Belki de bu, ruhların ölümden sonra yaşamları boyunca tanıdıkları kişilerle buluştuğu gerçeğini doğrular. Oyuncu, orada zarafet, neşe, sevgi ve mutluluk hissi yaşadığını garanti ediyor - kesinlikle Cennetti.

Çeşitli kaynaklarda (dergiler, röportajlar, görgü tanıklarının yazdığı kitaplar) bulmayı başardık. ilginç hikayeler hangi dünya çapında tanıtım aldı. Örneğin, Cennet var, diye güvence verdi Betty Maltz.

Kadın muhteşem bölgeden, çok güzel yeşil tepelerden, gül kokulu ağaçlardan ve çalılardan bahsediyor. Güneş gökyüzünde görünmese de, etrafındaki her şey parlak ışıkla doldu.

Kadının ardından uzun beyaz cübbeler içinde uzun boylu bir genç kılığına giren bir melek vardı. Güzel müzik her taraftan duyuldu ve önlerinde gümüş bir saray vardı. Sarayın kapılarının dışında altın bir sokak görünüyordu.

Kadın, İsa'nın kendisinin orada durduğunu ve onu içeri girmeye davet ettiğini hissetti. Ancak Betty'ye babasının dualarını hissedip bedenine geri dönmüş gibi geldi.

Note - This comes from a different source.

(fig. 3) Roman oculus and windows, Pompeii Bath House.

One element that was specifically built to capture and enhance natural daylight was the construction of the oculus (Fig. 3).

Cehenneme Yolculuk - gerçekler, hikayeler, gerçek vakalar

Tüm görgü tanıkları ölümden sonraki yaşamı mutlu olarak tanımlamaz. Örneğin, 15 yaşındaki Jennifer Perez Cehennemi gördüğünü iddia ediyor.

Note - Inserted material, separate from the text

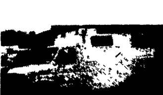
82-86 Ford GMC, Enc 9' Util, Gas, Auto, PS, PB, Generators/Air Compressors, Maintained by Major Utility Co., Ready To Work

TWO ACRES OF ALL TYPES USED TRUCKS. "IF WE DON'T HAVE IT, WE'LL GET IT"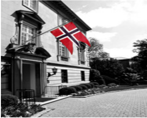
The Royal Norwegian Embassy in Washington

March 2008. New SON Lodge 3 – 679 Norsk Carolina (soon to vote on name) Charlotte, NC and the Carolinas

Kızın gözüne ilk çarpan çok uzun ve yüksek kar beyazı bir duvar oldu. Ortasında bir kapı vardı ama kilitliydi. Yakınlarda aralık olan başka bir siyah kapı vardı.

Aniden, kızı elinden tutan ve onu bakması korkutucu olan 2 kapıya götüren yakınlarda bir melek belirdi. Jennifer kaçmaya çalıştığını, direndiğini ama bunun bir faydası olmadığını söylüyor. Bir zamanlar duvarın diğer tarafında karanlığı gördü. Ve aniden kız çok hızlı bir şekilde düşmeye başladı.

Yere indiğinde, onu her taraftan saran ısıyı hissetti. Etrafında şeytanlar tarafından eziyet edilen insanların ruhları vardı. Bütün bu talihsizleri acı içinde gören Jennifer, ellerini Cebrail olduğu ortaya çıkan ve dua eden meleğe uzattı, susuzluktan ölmek üzereyken su istedi. Bundan sonra Gabriel, kendisine bir şans daha verildiğini ve kızın vücudunda uyandığını söyledi.

Cehennemin başka bir açıklaması Bill Wyss'in hikayesinde bulunur. Adam ayrıca burayı saran ısıdan da bahsediyor. Ek olarak, bir kişi korkunç bir zayıflık, iktidarsızlık yaşamaya başlar. Bill, ilk başta nerede olduğunu bile anlamadı, ama sonra yakınlarda dört şeytan gördü.

Kükürt ve yanan et kokusu havada asılı kaldı, devasa canavarlar adama yaklaştı ve vücudunu parçalamaya başladı. Aynı zamanda kan yoktu, ama her dokunuşta korkunç bir acı hissetti. Bill, iblislerin Tanrı'dan ve tüm yaratıklarından nefret ettiğini hissetti.

Adam çok susadığını söylüyor ama etrafta tek bir can bile yok, kimse ona su bile veremiyor. Neyse ki, bu kabus kısa sürede sona erdi ve adam hayata döndü. Ancak bu cehennem yolculuğunu asla unutmayacaktır.

Peki ölümden sonra yaşam mümkün mü yoksa görgü tanıklarının anlattığı her şey onların hayal ürünü mü? Ne yazık ki, üzerinde şu an bu soruya kesin olarak cevap vermek imkansızdır. Bu nedenle, ancak hayatın sonunda, her insan ahiret olup olmadığını kontrol edecektir.